In Ihns’ retelling of Genesis, the promise symbolized by a (now tubular) rainbow is misspelled and the serpent hangs around disguised as a serpent. Except Of is decidedly more Garden of Earthly Delights—a weirder kind of paradise, in which the sacred and the profane abut. (That snake-like snake is texting with a meerkat.) The result is, well, a constant explosion, one that at times risks your eardrums (“IT IS / EXTREMELY DIFFICULT AND MAKES / MY NOSE SORE / BUT I WILL DO THIS FOR YOU, MEERKAT FRIEND”). Recall the idiom about breaking eggs for an omelet.

An avid experimenter, Ihns still isn’t ostentatious; and though there is a glut of them here, the longest poems are diminutive in their ambition. The beakers shatter easily. Hers is an avant-gardism of the small (fittingly, the book itself has all the pocketability of Lunch Poems). Better that, far better, than the literally effortless minimalism of grifters with quasi-Hellenic names like Atticus and Archibald Hades. (Hades, whose Wikipedia reads like a Graham Greene novel, has accused the publishing houses of gatekeeping, while the Napkin Poetry Review awarded her latest a rave.) The fingered wounds and cool shows of grief. “No one’s interested in your blood,” Rita Dove told the Paris Review.

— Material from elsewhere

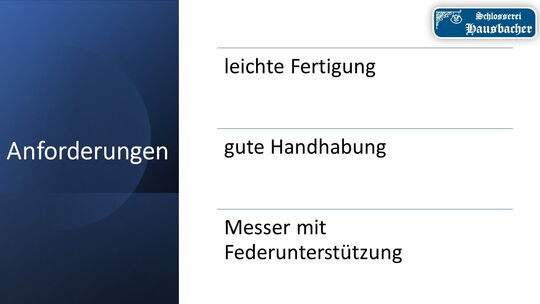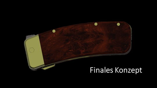 Es wurde ein neues Klappmesser, welche alle Vorgaben von Herrn Haubacher erfüllt und konstruiert. Dazu soll zuerst eine ausführliche Werstoffanalyse erfolgen, um die exakte Werkstoffzusammenzetzung ausfindig machen zu können.

By way of a compromise, Fran Lebowitz, in her interview, claimed that she works “so slowly that I could write in my own blood without hurting myself.” Our need for a countrywide phlebotomy, plus or minus a few leeches, has never been greater.

Comically flat-footed, then ecstatic, then ponderous, Of can be mercurial to a fault. Like a compass at the North Pole, the reader’s needle turns in circles; yet with no dominant point of reckoning (see the top Merriam-Webster entry for “of”), Ihns’ hurricane strength emerges from that same windy indeterminacy. In propria persona, meanwhile, there is a quiet to her eye:


cheese people with surveillance vistas
keep the dead white rose in a water jar
and the thousand botryoidal fauna
called fear and dispensations

[. . .]

we had good used feelings in each other’s arms
an autumn we saw Solaris alone
slickly she says such acceptable things, like
we were all men possessed by vegetables
we lived in the pool


Elizabeth Bishop could be this mischievously deadpan—awful but cheerful, with an underlayment of zaniness (think of Bishop’s hairless pink dog wandering the streets of Rio de Janeiro during carnival). Ihns is that, and hopefully as influential.






Erick Verran is the author of Obiter Dicta (Punctum Books, 2021) and a PhD candidate at the University of Utah. His writing has appeared in the Los Angeles Review of Books, the Georgia Review, Literary Matters, Rain Taxi, the American Poetry Review, the Harvard Review, and elsewhere. He lives in Salt Lake City.